ABOUT THIS EXERCISE:
The whole listing below, with no pictures, is to be repeated as it stands.

DATA BLOCK:

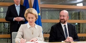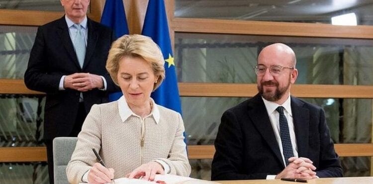 Η πρόεδρος της Ευρωπαϊκής Επιτροπής Ούρσουλα φον ντερ Λάιεν και ο πρόεδρος του Συμβουλίου Σαρλ Μισέλ θα υπογράψουν σήμερα την εμπορική συμφωνία στην οποία κατέληξαν με το Λονδίνο, όπως ανακοίνωσε χθες μια εκπρόσωπος της Κομισιόν. Η συμφωνία αναμένεται επίσης ότι θα υπογραφεί στο Λονδίνο από τον πρωθυπουργό της Βρετανίας Μπόρις Τζόνσον.
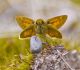 Man pēkšņi radās ideja - vai tur bija nu ļoti mitrs mikroklimats, egle ar melnalksni? Hipotētiski tādas dzeltenas var būt Diachea muscorum. Te bilde ir mazliet līdzīga: https://fr.wikipedia.org/wiki/Fichier:Craterium_muscorum,_Trawscoed,_North_Wales,_Aug_2016_-_Flickr_-_janetgraham84.jpg
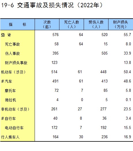 19-6 交通事故及损失情况(2022年)

EXPECTED ANSWER:
 Η πρόεδρος της Ευρωπαϊκής Επιτροπής Ούρσουλα φον ντερ Λάιεν και ο πρόεδρος του Συμβουλίου Σαρλ Μισέλ θα υπογράψουν σήμερα την εμπορική συμφωνία στην οποία κατέληξαν με το Λονδίνο, όπως ανακοίνωσε χθες μια εκπρόσωπος της Κομισιόν. Η συμφωνία αναμένεται επίσης ότι θα υπογραφεί στο Λονδίνο από τον πρωθυπουργό της Βρετανίας Μπόρις Τζόνσον.
 Man pēkšņi radās ideja - vai tur bija nu ļoti mitrs mikroklimats, egle ar melnalksni? Hipotētiski tādas dzeltenas var būt Diachea muscorum. Te bilde ir mazliet līdzīga: https://fr.wikipedia.org/wiki/Fichier:Craterium_muscorum,_Trawscoed,_North_Wales,_Aug_2016_-_Flickr_-_janetgraham84.jpg
 19-6 交通事故及损失情况(2022年)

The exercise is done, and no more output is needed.